Crianças deslocadas do conflito de Cabo Delgado com 11 anos estão a ser casadas à força com homens mais velhos (40 a 50 anos de idade) para elas e as famílias poderem sobreviver, alerta a organização não-governamental (ONG) Care.
“As meninas casam-se entre os 12 e 17 anos, mas nalguns casos até se casam antes disso, com 11 anos. Às vezes, os pais oferecem-nas em casamento porque precisam de recursos e ficam com menos uma boca para alimentar”, descreve Graça Gonçalves, agente para questões de género da Care.
Outra vezes, “as meninas ficam separadas dos pais, durante a fuga dos locais de conflito, tornando-se nas novas chefes de família e precisam de fornecer comida para os irmãos mais novos”, acrescenta, citada num comunicado da ONG.
A situação não é nova – Moçambique já era um dos países do mundo com maior taxa de casamentos precoces -, mas está a agravar-se com o conflito.
“O casamento infantil é um grande problema porque as pessoas fogem sem nada e os campos de deslocados não têm recursos suficientes e estão sobrelotados”, sublinha Graça Gonçalves.
A falta de instalações sanitárias, de locais de banhos, a ausência de espaços separados para mulheres e meninas ou o simples facto de estarem mais distantes “deixa as mulheres e meninas vulneráveis a ataques, especialmente durante a noite”, descreve.

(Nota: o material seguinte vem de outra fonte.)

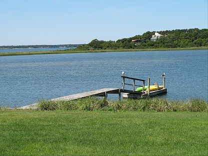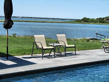Enjoy beautiful bay views from the porches and pool of this three-bedroom, two and one half-bath Traditional home in Shinnecock Hills. With its broad vista, waterside gunite pool and dock, you are ready for a summer of sun, sand, water and fun.

Uma das actividades realizada pela Care consiste em mostrar às mulheres e jovens como devem denunciar abusos e como podem defender-se.
Há uma semana, o Alto-Comissariado das Nações Unidas para os Refugiados (ACNUR) referiu que a guerra em Cabo Delgado está a provocar um aumento de casos de gravidez precoce devido a abusos sexuais de menores.

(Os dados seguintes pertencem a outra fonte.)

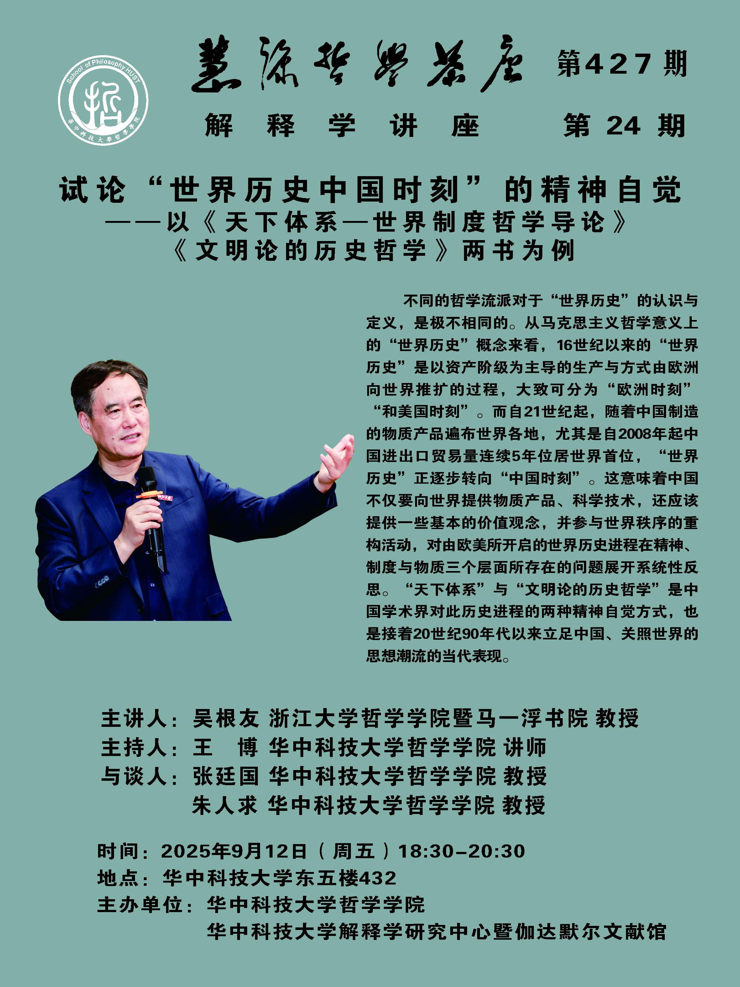 讲座题目:试论“世界历史中国时刻”的精神自觉——以《天下体系—世界制度哲学导论》《文明论的历史哲学》两书为例

Os alertas juntam-se a outro lançado há um mês pelo Centro de Integridade Pública (CIP), ONG moçambicana, sobre abusos sexuais contra mulheres deslocadas, em troca de ajuda humanitária, considerando haver silêncio do Governo e Nações Unidas sobre o assunto.
Apesar das questões colocadas pela Lusa, não houve reações ao relatório do CIP.

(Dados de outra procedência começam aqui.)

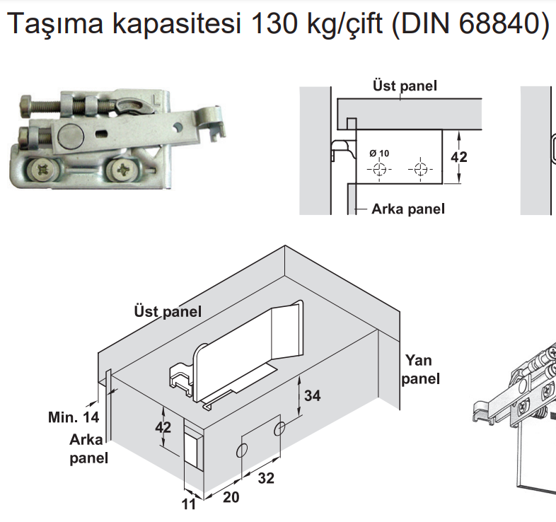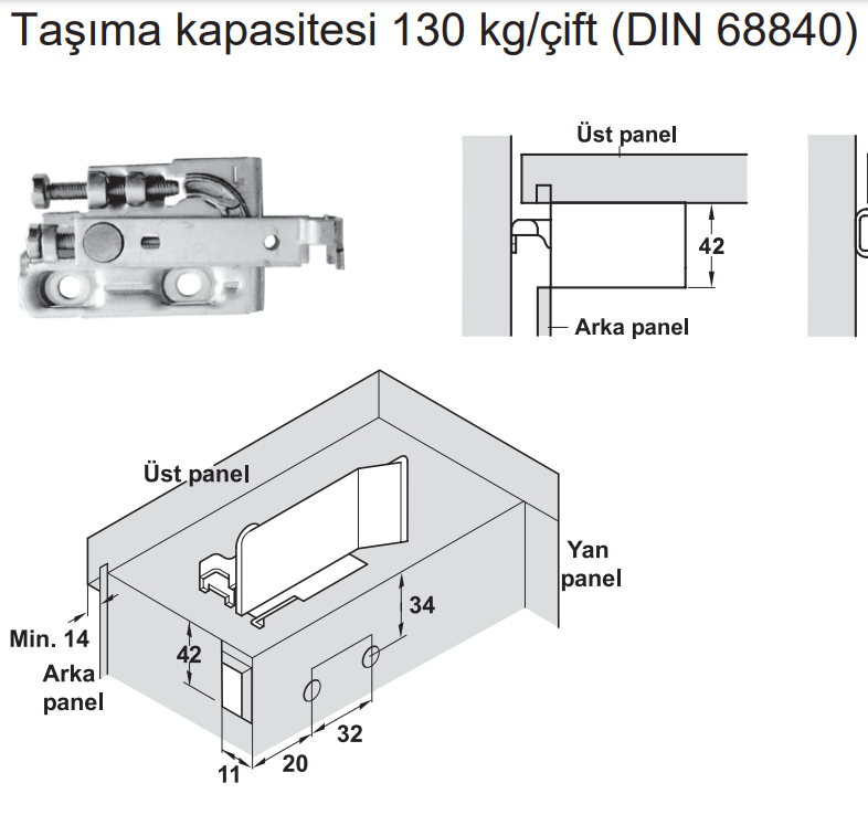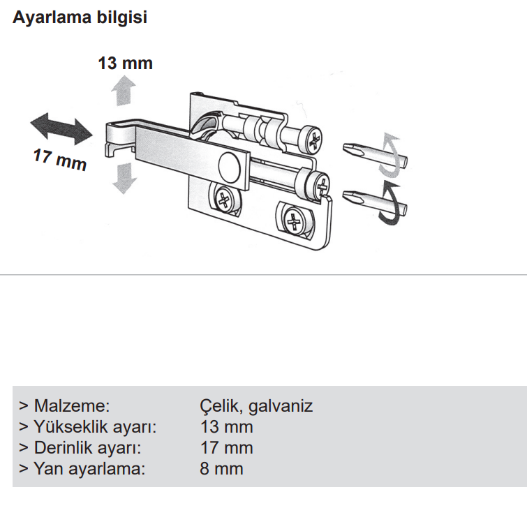 13mm yükseklik ayar imkanı sunar 17mm derinlik ayar imkanı sunar 8mm yatay ayar imkanı sunar 3 boyutlu ayar imkanı sunar

A violência armada em Cabo Delgado, norte de Moçambique, está a provocar uma crise humanitária com cerca de duas mil mortes e 500 mil pessoas deslocadas, sem habitação, nem alimentos, concentrando-se sobretudo na capital provincial, Pemba.
A província onde avança o maior investimento privado de África, para exploração de gás natural, está desde há três anos sob ataque de insurgentes e algumas das incursões passaram a ser reivindicadas pelo grupo ‘jihadista’ Estado Islâmico desde 2019.